In the fields of assisted reproductive technology or animal reproductive biotechnology, oocytes are often activated artificially before or after injection of defective spermatozoa [1], round spermatids [2], or somatic cell nuclei [3]. However, artificially activated oocytes show poor embryonic development and a lower birth rate compared to natural fertilization with mature spermatozoa. The poor birth rate is thought to be due to defective sperm cell nuclei or the incomplete reprogramming of donor cell nuclei. However, it is also possible that poor development is caused by artificial activation of oocytes rather than a defect in sperm nuclei or somatic cells. If this is the case, then improving the activation method would improve the offspring birth success rate.

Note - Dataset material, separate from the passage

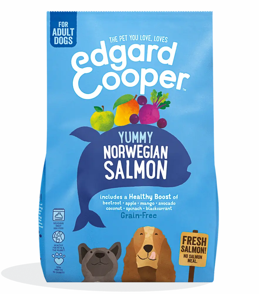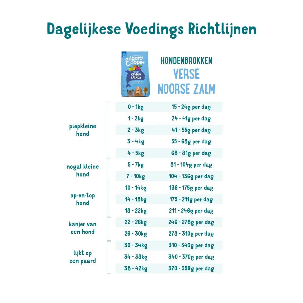 Dit recept met véél verse Noorse zalm (en géén gedroogde of gedehydrateerd zalm) zit vol omega 3 en hoogwaardige eiwitten. En prebiotica voor een gezonde darmflora. Deze brokken zijn graanvrij en hypoallergeen, ideaal dus voor gevoelige maagjes. Al onze recepten bevatten een supergezonde mix van fruit en groenten. En lekkere kruiden en botanicals voor een extra boost. Die fantastische blend bakken we langzaam: zo blijft al dat goede perfect bewaard.

Suitable oocyte activation methods differ between species. While strontium chloride (SrCl2) is one of the most efficient activation methods for mouse oocytes [4, 5], electric pulses or calcium (Ca2+) ionophores are more efficient for porcine, bovine, or human oocytes [6,7,8]. However, the activated oocytes have a physiological reaction that differs from oocytes naturally activated by mature spermatozoa even when using an appropriate activation method. When normal spermatozoa penetrate the oocyte, the oocyte initiates repetitive increases in intracellular Ca2+ concentration (Ca2+ oscillations) and resumes its meiotic cell cycle to exit metaphase II (MII) [9, 10]. This process is triggered by a sperm factor known as sperm-specific phospholipase C zeta (PLCζ) [11]. On the other hand, the pattern of Ca2+ oscillation differs when oocytes are activated by electrostimulation or EtOH stimulation [12, 13]. Some oocytes undergo lysis during this treatment [3] when oocytes are activated by Sr, but a relatively similar Ca2+ oscillation occurs in them [9].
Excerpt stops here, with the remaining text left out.